April has arrived with just a bit more positive energy on the job front. I have actually seen some hires made in the past few weeks and a handful of employers have indicated they are close to adding additional staff to their very depleted ranks. At the same time, a fair number of hiring managers have shared stories of all time lows in new orders for their goods and services. Trying to analyze which industries are hot has been puzzling as the results of my unofficial canvassing are not showing a steady trend.
My opinion is that the success of a company is driven by some factors they cannot control such as overall demand for what they produce or distribute, transportation costs to get their goods or even their service people to their customers, competition from foreign markets, and the public's perception of the economy. The areas I believe a company can control are quality of product, level of customer support and service, turnaround time for delivering the order, and ability to offer their product at a competitive price. Where some companies appear to be struggling is a reluctance to modify their product or service to the current expectations of their customers. Most consumers are looking for a bigger bang for their dollar and feel entitled to additional bells and whistles at little or no increase in cost to purchase.
This is where the job market could be impacted. Companies that stand by their original concepts and are unwilling to be flexible look to be the ones struggling the most right now. There are many talented individuals on the job market. I suggest that this is a great time to look for talent with innovative ideas, offer them a job, perhaps on a contract to permanent basis initially, and see if they can identify some tweaks to your process which could bring in additional revenue. The old adage that sometimes you have to spend a little money to make money definitely applies here.
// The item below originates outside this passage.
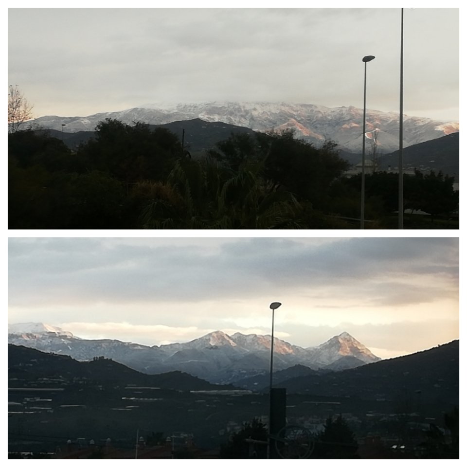 Sedan kom kylan. Vi hade inte så många plusgrader på morgonen och bergstopparna runtomkring oss var täckta av snö och frost. Det kom även en hagelskur här i stan så det var vitt på gatorna en tidig morgon :O Nordliga vindar och vi var inne i princip en hel vecka. Detta var nog den absolut kallaste veckan vi upplevt under våra tre vintrar härnere. Det blev så kallt, så jag stickade mej ett par handledsvärmare. Och rapporterna berättade om en halv meter snö i Madrid!

Stimulus packages can appear in subtle ways and I think this is one of them. Imagine this, if every employer added 1-2 percent to their workforce to try to bring in creative minds, the national unemployment rate could possibly drop under 8 percent. All those people who were re-employed would have money in their pockets to pay off debt and perhaps do a little shopping which would help fill the empty storefronts and put even more people back to work. Feel free to let me know if you think I am dreaming but I truly think this could go somewhere!